• Aim of the exercise:
From the entries below, print exactly the span beginning with the line holding "最低限のステータスがあれば、" and ending with the line holding "روایت لی ہے۔", endpoints included, and skip any pictures.
══ Exercise inputs
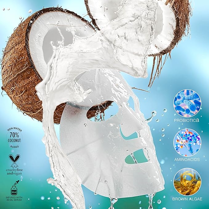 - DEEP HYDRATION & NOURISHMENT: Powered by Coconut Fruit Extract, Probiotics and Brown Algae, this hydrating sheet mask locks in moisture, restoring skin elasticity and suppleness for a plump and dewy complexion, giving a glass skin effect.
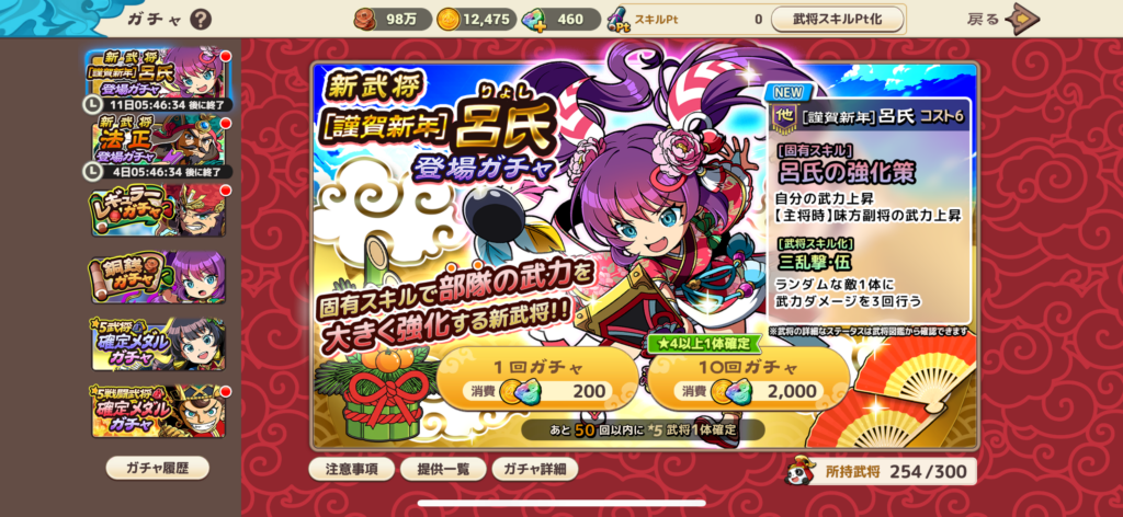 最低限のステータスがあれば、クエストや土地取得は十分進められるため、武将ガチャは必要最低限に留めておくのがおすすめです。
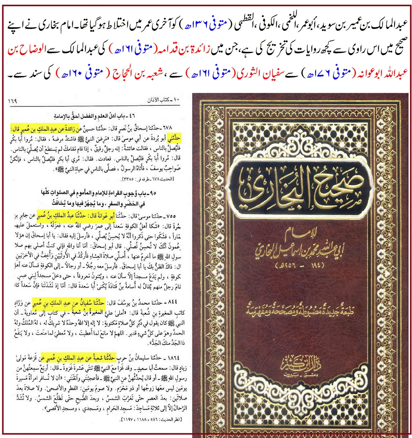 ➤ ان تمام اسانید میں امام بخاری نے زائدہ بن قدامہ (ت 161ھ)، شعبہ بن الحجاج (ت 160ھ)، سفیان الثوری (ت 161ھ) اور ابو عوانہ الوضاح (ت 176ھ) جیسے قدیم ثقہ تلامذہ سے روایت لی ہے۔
════
══ Exercise inputs
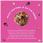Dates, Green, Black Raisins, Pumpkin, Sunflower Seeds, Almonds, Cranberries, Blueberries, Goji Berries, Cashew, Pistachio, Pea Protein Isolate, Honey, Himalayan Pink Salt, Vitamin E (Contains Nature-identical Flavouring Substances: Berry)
════
• Completed task:
 最低限のステータスがあれば、クエストや土地取得は十分進められるため、武将ガチャは必要最低限に留めておくのがおすすめです。
 ➤ ان تمام اسانید میں امام بخاری نے زائدہ بن قدامہ (ت 161ھ)، شعبہ بن الحجاج (ت 160ھ)، سفیان الثوری (ت 161ھ) اور ابو عوانہ الوضاح (ت 176ھ) جیسے قدیم ثقہ تلامذہ سے روایت لی ہے۔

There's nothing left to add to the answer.